* WHAT YOU SHOULD DO: When the line containing "报道称,这是韩国总统文在寅2" is found in the data below, give it again along with every later line, exactly; drop the pictures.

* DATA SHOWN:
·····

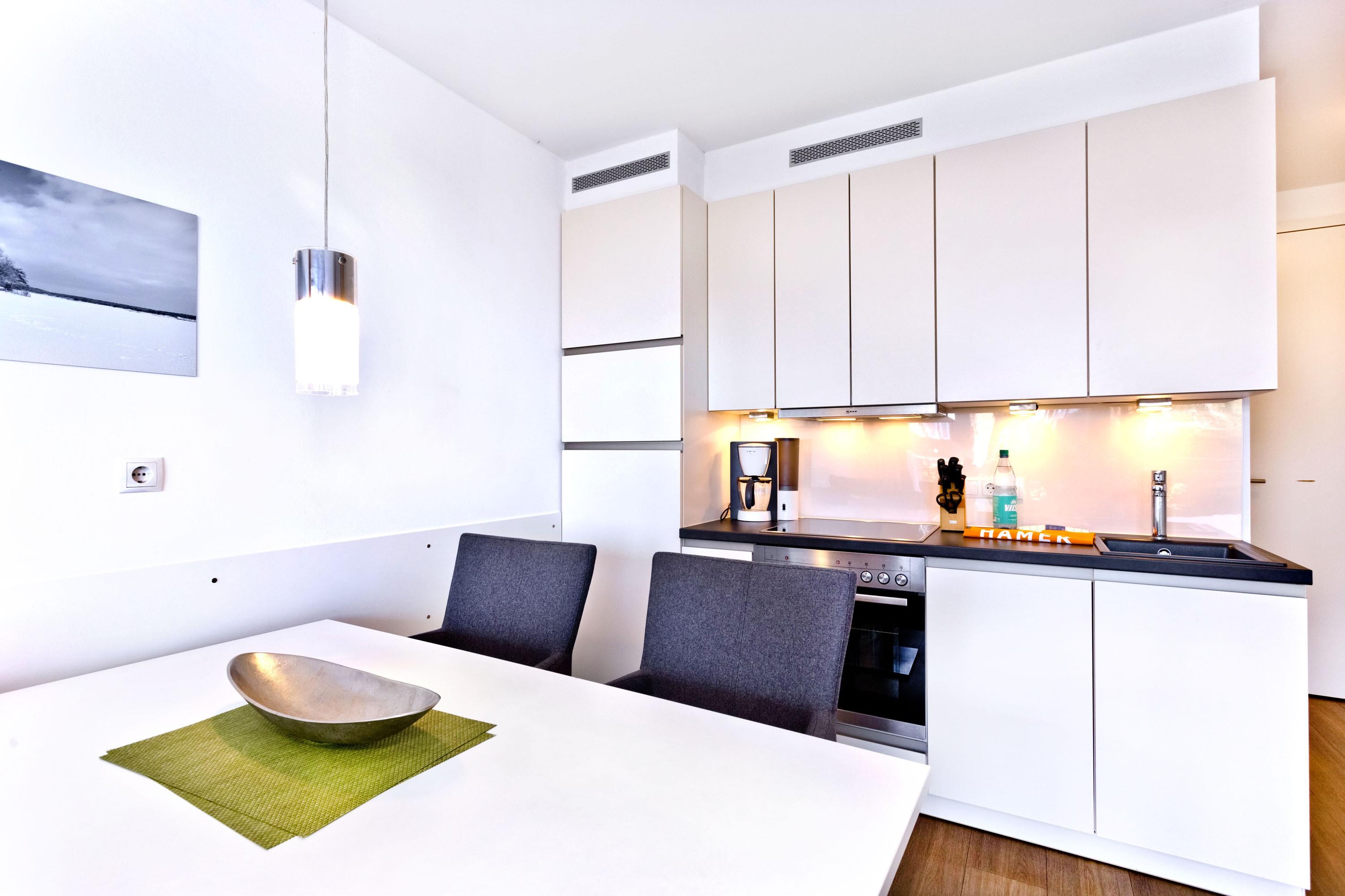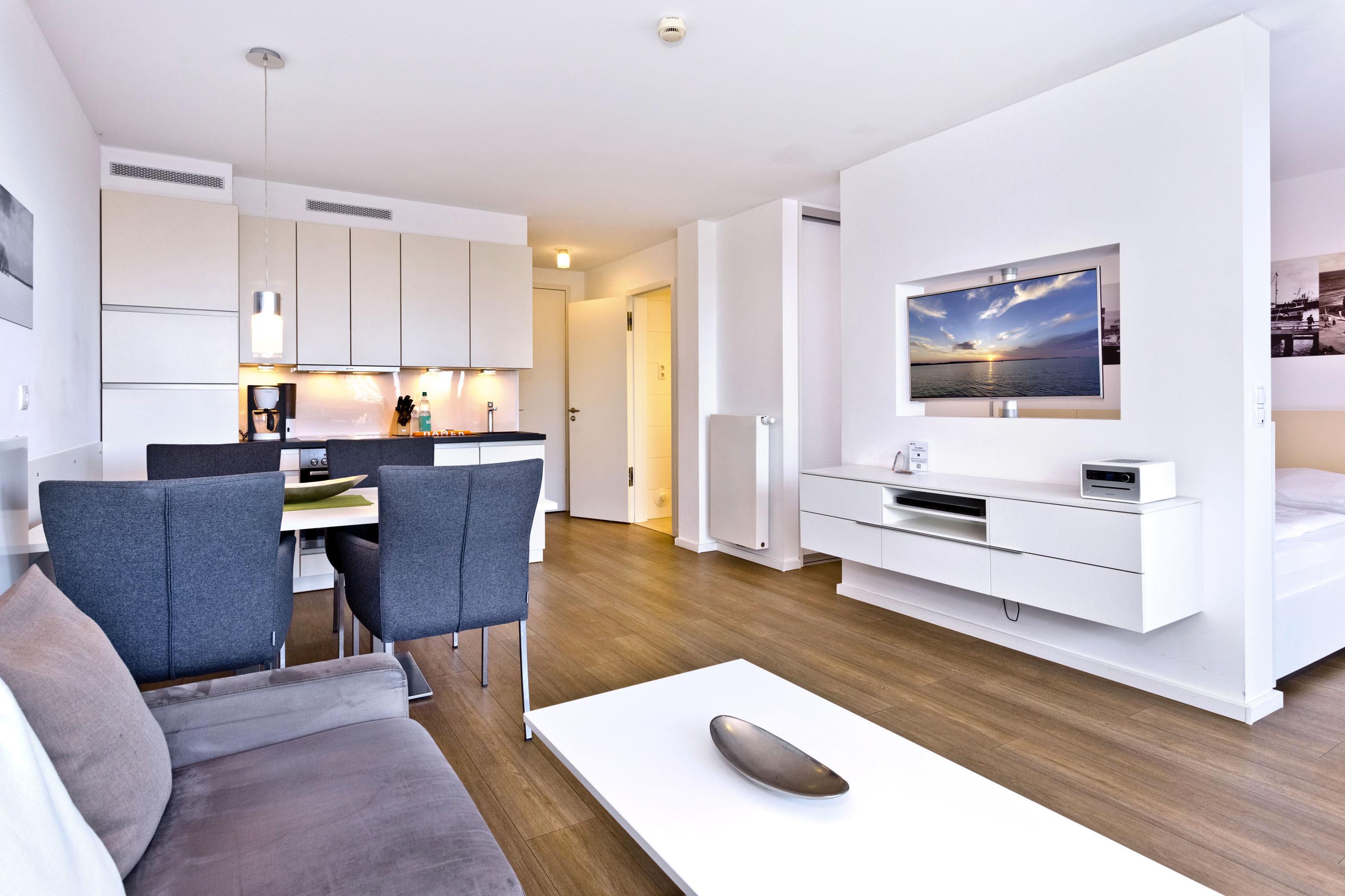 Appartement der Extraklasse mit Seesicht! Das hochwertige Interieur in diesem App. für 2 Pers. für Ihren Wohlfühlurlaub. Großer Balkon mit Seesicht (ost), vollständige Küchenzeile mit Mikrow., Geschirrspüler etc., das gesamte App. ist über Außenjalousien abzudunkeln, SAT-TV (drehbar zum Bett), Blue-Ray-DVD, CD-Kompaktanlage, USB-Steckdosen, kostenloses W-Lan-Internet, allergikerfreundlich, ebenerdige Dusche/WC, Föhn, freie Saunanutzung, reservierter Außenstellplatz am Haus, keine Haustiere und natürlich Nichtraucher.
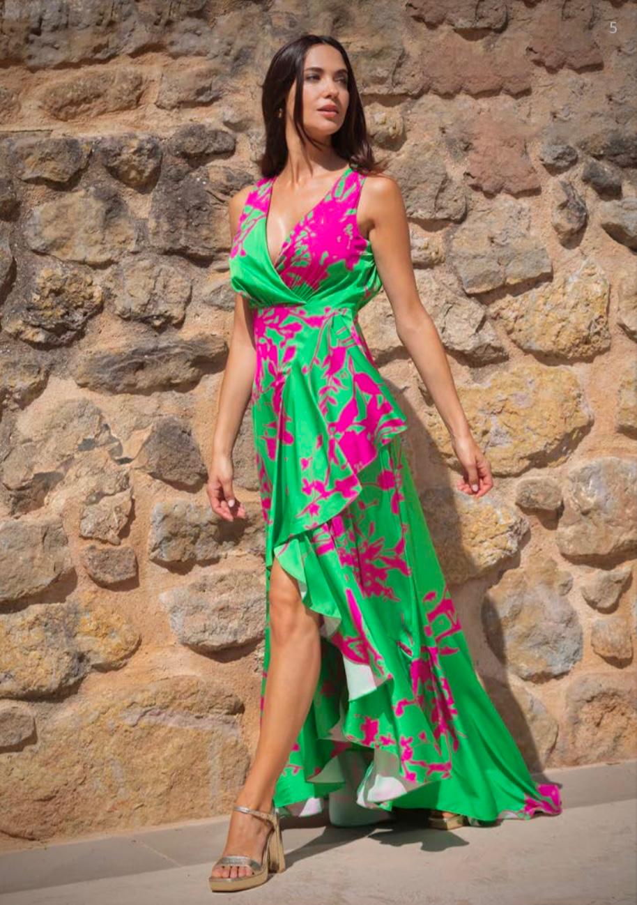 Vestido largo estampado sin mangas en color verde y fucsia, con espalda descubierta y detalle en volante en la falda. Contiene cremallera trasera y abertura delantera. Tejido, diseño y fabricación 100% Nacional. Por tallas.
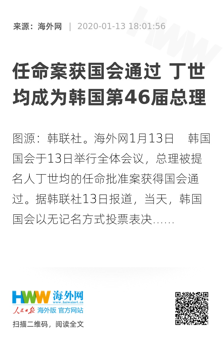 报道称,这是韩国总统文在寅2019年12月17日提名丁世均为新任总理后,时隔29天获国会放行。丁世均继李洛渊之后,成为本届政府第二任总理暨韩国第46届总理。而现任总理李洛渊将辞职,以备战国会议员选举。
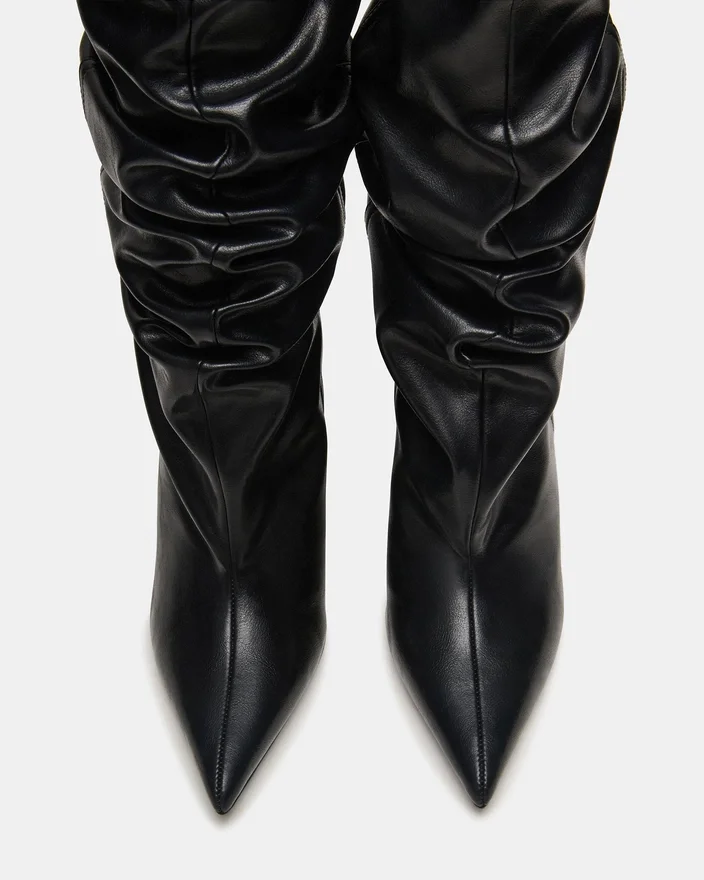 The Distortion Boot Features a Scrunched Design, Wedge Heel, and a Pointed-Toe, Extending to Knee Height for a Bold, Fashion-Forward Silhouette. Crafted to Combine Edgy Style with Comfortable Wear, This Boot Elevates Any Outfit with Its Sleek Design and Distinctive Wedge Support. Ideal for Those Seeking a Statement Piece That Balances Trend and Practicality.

·····

* SOLUTION TO THIS EXERCISE:
 报道称,这是韩国总统文在寅2019年12月17日提名丁世均为新任总理后,时隔29天获国会放行。丁世均继李洛渊之后,成为本届政府第二任总理暨韩国第46届总理。而现任总理李洛渊将辞职,以备战国会议员选举。
 The Distortion Boot Features a Scrunched Design, Wedge Heel, and a Pointed-Toe, Extending to Knee Height for a Bold, Fashion-Forward Silhouette. Crafted to Combine Edgy Style with Comfortable Wear, This Boot Elevates Any Outfit with Its Sleek Design and Distinctive Wedge Support. Ideal for Those Seeking a Statement Piece That Balances Trend and Practicality.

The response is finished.